Iran Vs Amerika Memanas
Jelang Bertemu Xi Jinping, Trump Sesumbar: Tak Butuh Bantuan China di Perang Iran
Presiden AS, Donald Trump sesumbar menjelang pertemuannya dengan Presiden China, Xi Jinping. Trump sebut tak butuh China untuk atasi perang Iran.
Para pengamat politik internasional menilai bahwa Trump kini berada dalam posisi "butuh" terhadap China.
Dengan agenda domestik yang padat dan pemilu akhir tahun yang kian dekat, Trump memerlukan stabilitas di kawasan Asia Timur untuk mengamankan poin politiknya.
Analis senior, Wu, mengungkapkan bahwa fokus Trump terhadap Taiwan telah memudar jika dibandingkan dengan masa jabatan pertamanya satu dekade lalu.
"China yang dihadapi Trump sekarang bukanlah China yang sama dengan sepuluh tahun lalu," jelas Wu kepada SCMP.

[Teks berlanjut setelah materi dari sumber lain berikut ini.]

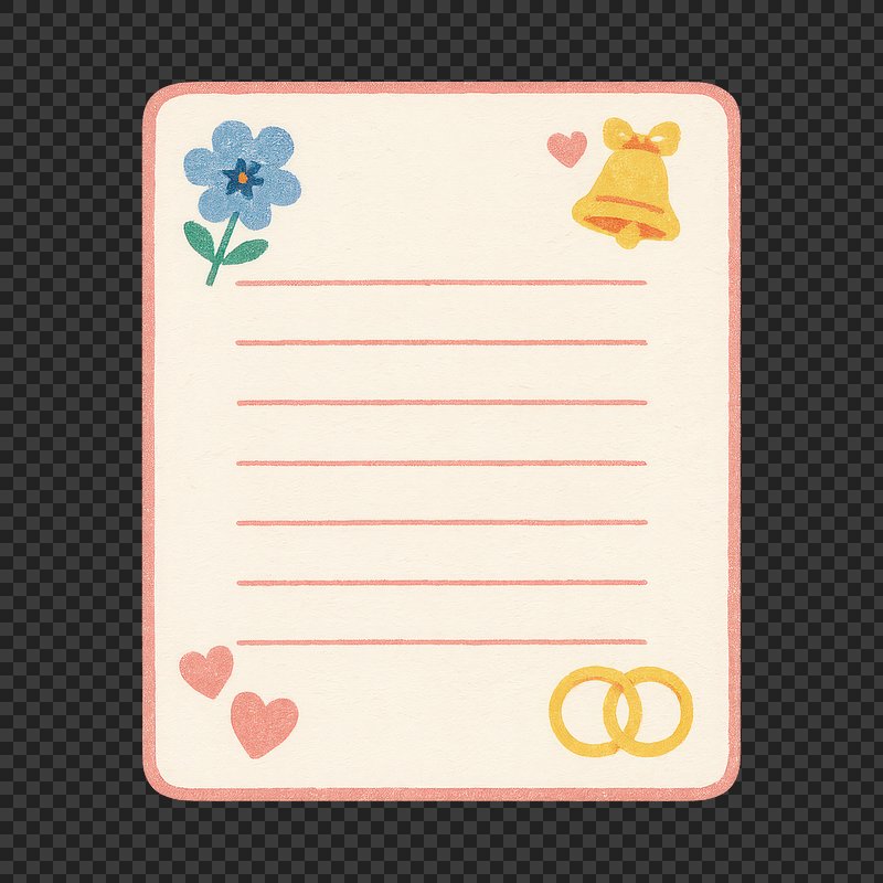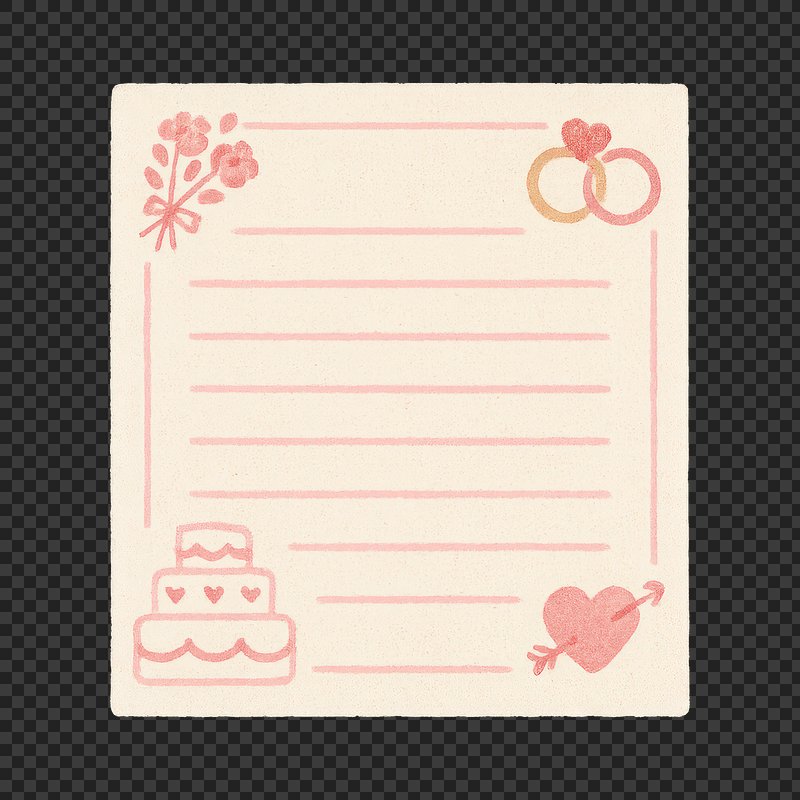 PNG Wedding-themed note paper illustration. https://www.rawpixel.com/image/23652758/png-wedding-themed-note-paper-illustrationView license

Menurutnya, Trump saat ini lebih memprioritaskan kesepakatan besar di bidang perdagangan, pengaturan tarif yang menguntungkan, serta kerja sama keamanan global — termasuk upaya meredam ketegangan di Timur Tengah.

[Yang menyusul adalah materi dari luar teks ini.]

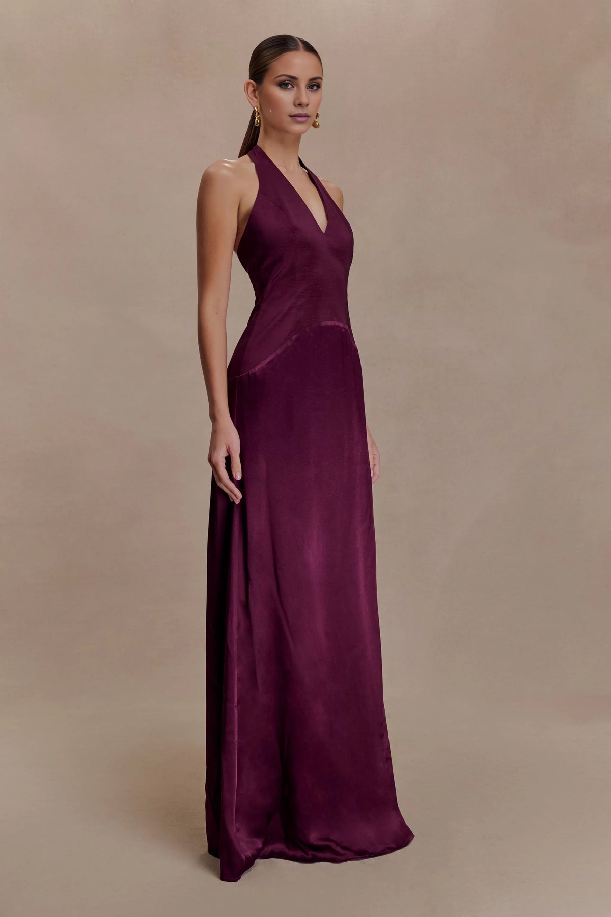 Whimsical Satin Halter-Neck Sleeveless Open-Back Flowy Floor-Length Evening Dress - US 2 / UK 6 / EU 32

Dalam skenario ini, Taiwan dipandang bukan lagi sebagai prioritas utama, melainkan bisa menjadi "kartu tawar" atau bahkan beban jika mengganggu agenda besar Washington.
Baca juga: Iran Dukung Proposal Empat Poin Xi Jinping Jelang Kunjungan Trump ke China
Kondisi ini tentu menjadi alarm bagi pemerintah di Taipei.
Selama ini, Taiwan sangat bergantung pada dukungan militer dan diplomatik AS untuk menghadapi tekanan Beijing.
Namun, jika Trump memilih untuk bersikap pragmatis demi mencapai kesepakatan ekonomi dengan Xi, posisi Taiwan bisa terancam.
Wu menambahkan, jika dalam pertemuan mendatang Trump secara terang-terangan menyatakan ketidaksukaannya terhadap gerakan kemerdekaan Taiwan, hal itu akan menjadi kemenangan diplomatik besar bagi Beijing.
"Dampaknya akan sangat positif bagi stabilitas hubungan lintas selat dari perspektif China, namun akan menjadi pukulan telak bagi partai berkuasa di Taiwan (DPP)," tambahnya.
Beijing tetap pada pendiriannya bahwa Taiwan adalah bagian tak terpisahkan dari kedaulatannya.
Dengan kekuatan ekonomi dan militer China yang terus tumbuh pesat, ruang bagi gerakan kemerdekaan di pulau tersebut dinilai kian terjepit.
Selama hubungan AS-China tetap berada dalam jalur komunikasi yang normal, para analis meyakini bahwa Washington tidak akan mengambil risiko besar dengan membiarkan isu Taiwan merusak stabilitas ekonomi global yang sedang mereka coba bangun kembali bersama China.